**EXERCISE:**
From the listing that follows, reproduce only the lines from the one holding "We stopped now" through the one holding "互视达(HUSHIDA)(三", both included, with no pictures.

**ENTRIES PROVIDED:**
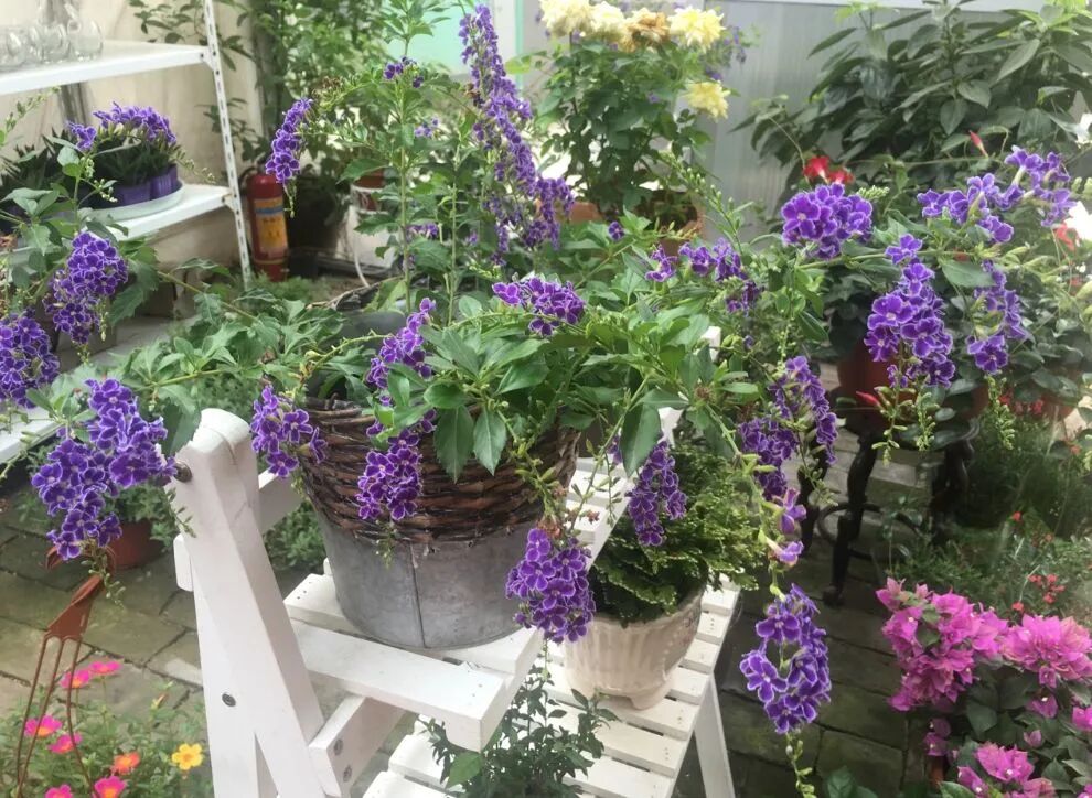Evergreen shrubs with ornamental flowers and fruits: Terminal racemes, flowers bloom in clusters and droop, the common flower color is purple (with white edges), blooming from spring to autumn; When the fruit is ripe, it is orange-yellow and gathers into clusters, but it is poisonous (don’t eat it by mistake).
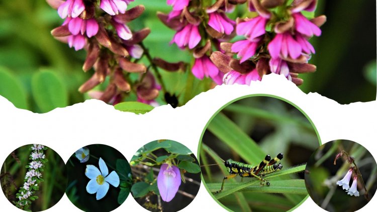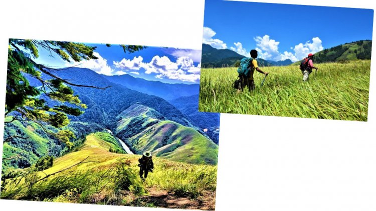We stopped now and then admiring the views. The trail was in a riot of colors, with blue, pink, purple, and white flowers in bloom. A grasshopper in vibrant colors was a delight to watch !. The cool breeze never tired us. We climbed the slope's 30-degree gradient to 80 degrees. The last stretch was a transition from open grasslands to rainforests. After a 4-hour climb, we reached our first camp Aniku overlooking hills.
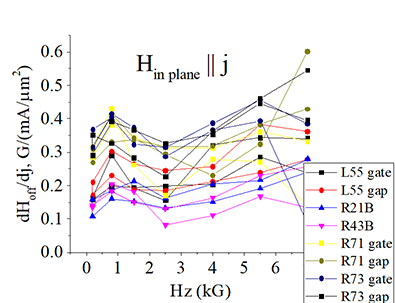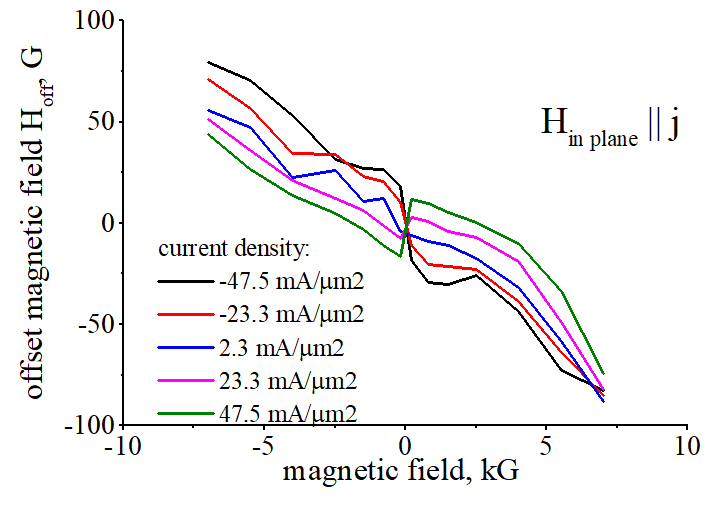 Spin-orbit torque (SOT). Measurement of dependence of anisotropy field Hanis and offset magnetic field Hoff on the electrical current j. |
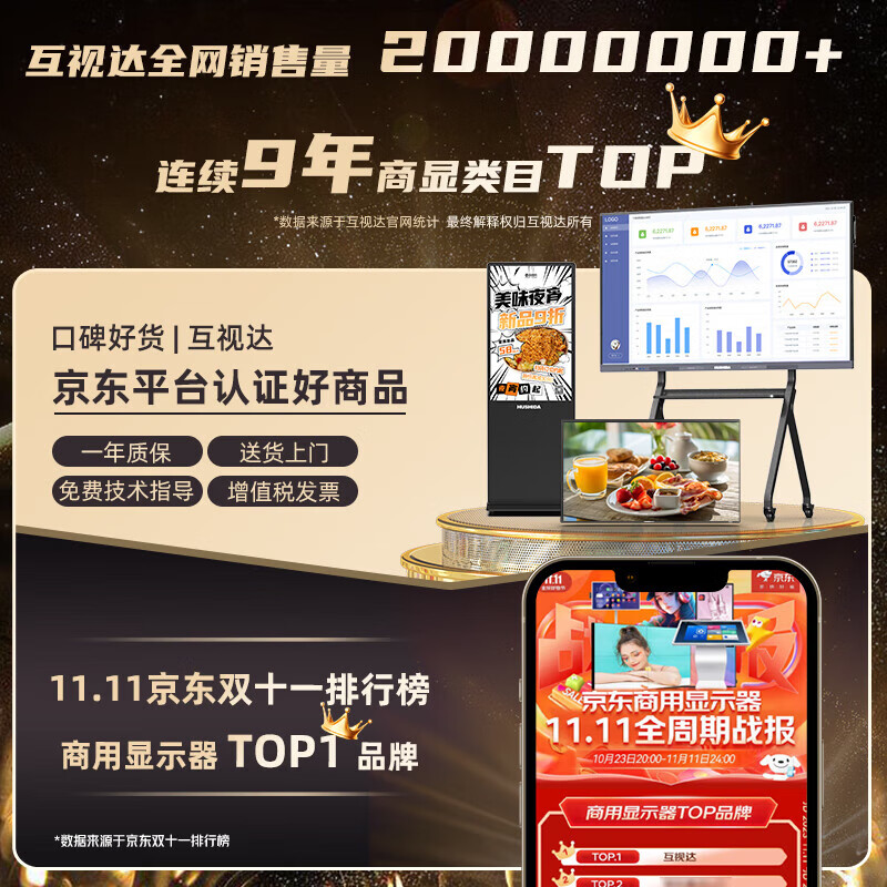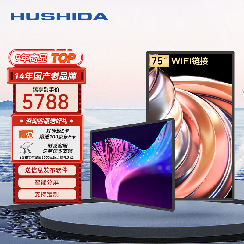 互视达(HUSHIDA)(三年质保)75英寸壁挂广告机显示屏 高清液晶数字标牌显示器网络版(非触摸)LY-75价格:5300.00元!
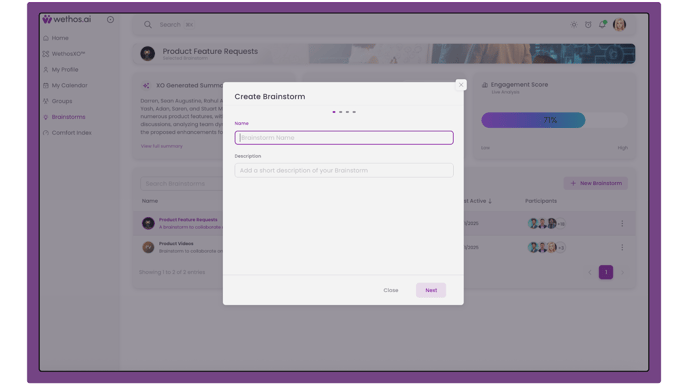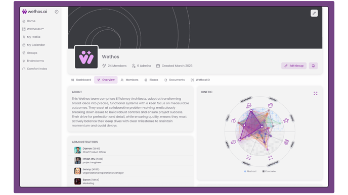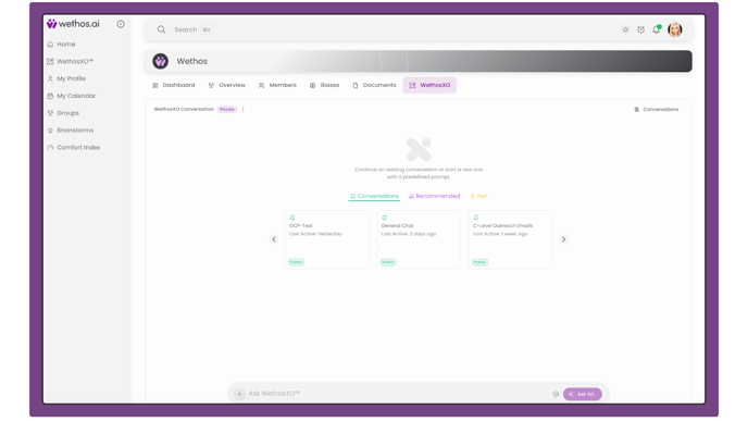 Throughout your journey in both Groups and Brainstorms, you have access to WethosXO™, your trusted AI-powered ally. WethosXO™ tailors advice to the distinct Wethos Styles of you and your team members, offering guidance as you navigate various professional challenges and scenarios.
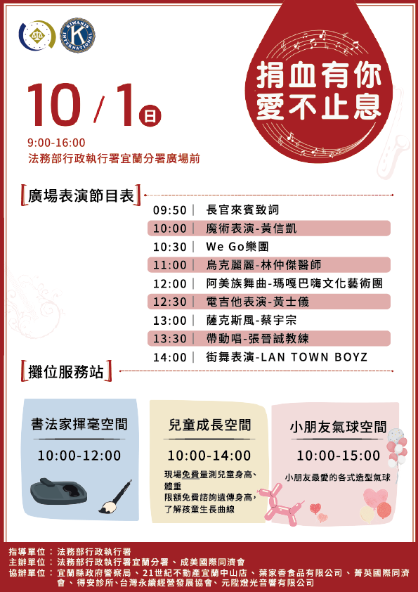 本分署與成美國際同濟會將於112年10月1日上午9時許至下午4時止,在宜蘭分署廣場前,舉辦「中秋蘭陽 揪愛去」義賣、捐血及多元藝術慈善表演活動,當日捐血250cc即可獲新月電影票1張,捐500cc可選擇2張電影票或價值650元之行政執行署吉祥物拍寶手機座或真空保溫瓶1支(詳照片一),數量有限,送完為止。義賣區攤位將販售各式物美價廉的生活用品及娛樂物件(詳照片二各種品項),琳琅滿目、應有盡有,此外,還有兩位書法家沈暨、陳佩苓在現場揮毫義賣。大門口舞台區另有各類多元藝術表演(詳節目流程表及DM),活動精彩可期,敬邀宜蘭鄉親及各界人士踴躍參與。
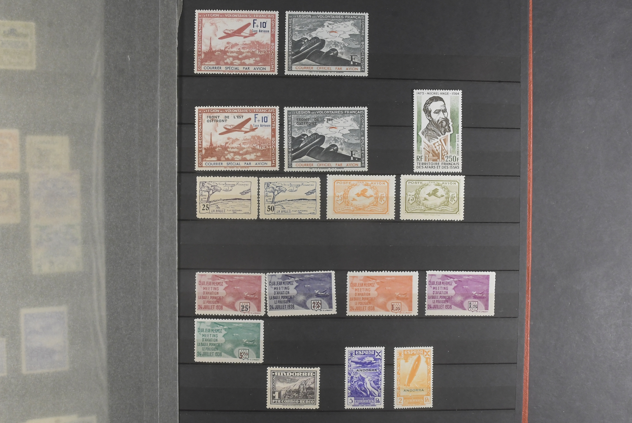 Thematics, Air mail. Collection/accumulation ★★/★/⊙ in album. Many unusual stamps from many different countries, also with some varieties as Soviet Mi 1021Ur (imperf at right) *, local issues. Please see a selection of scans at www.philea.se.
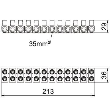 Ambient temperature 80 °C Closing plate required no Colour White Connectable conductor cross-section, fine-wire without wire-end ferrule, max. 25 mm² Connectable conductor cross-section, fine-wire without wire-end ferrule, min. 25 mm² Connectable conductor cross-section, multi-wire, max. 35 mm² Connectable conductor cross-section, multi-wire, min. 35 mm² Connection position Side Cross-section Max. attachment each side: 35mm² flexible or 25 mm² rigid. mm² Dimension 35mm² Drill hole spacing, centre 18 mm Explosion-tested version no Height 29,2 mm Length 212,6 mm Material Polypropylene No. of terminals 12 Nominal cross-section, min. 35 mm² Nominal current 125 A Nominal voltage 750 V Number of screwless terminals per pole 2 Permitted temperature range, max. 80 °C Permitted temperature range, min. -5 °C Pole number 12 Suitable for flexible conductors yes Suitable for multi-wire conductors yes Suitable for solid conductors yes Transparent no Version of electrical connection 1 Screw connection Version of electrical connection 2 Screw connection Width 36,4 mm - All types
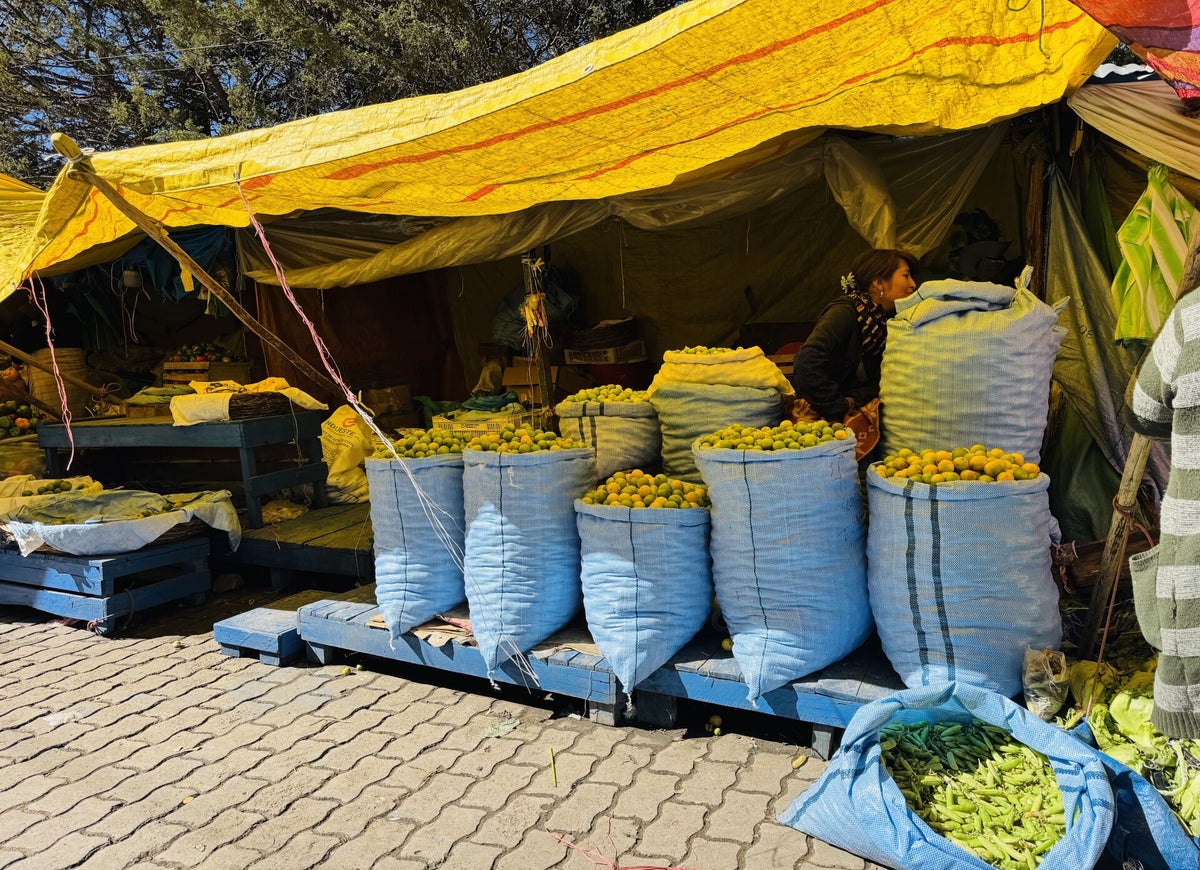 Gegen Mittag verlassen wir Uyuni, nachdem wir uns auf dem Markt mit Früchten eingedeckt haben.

**EXERCISE RESPONSE:**
We stopped now and then admiring the views. The trail was in a riot of colors, with blue, pink, purple, and white flowers in bloom. A grasshopper in vibrant colors was a delight to watch !. The cool breeze never tired us. We climbed the slope's 30-degree gradient to 80 degrees. The last stretch was a transition from open grasslands to rainforests. After a 4-hour climb, we reached our first camp Aniku overlooking hills.
 Spin-orbit torque (SOT). Measurement of dependence of anisotropy field Hanis and offset magnetic field Hoff on the electrical current j. |
 互视达(HUSHIDA)(三年质保)75英寸壁挂广告机显示屏 高清液晶数字标牌显示器网络版(非触摸)LY-75价格:5300.00元!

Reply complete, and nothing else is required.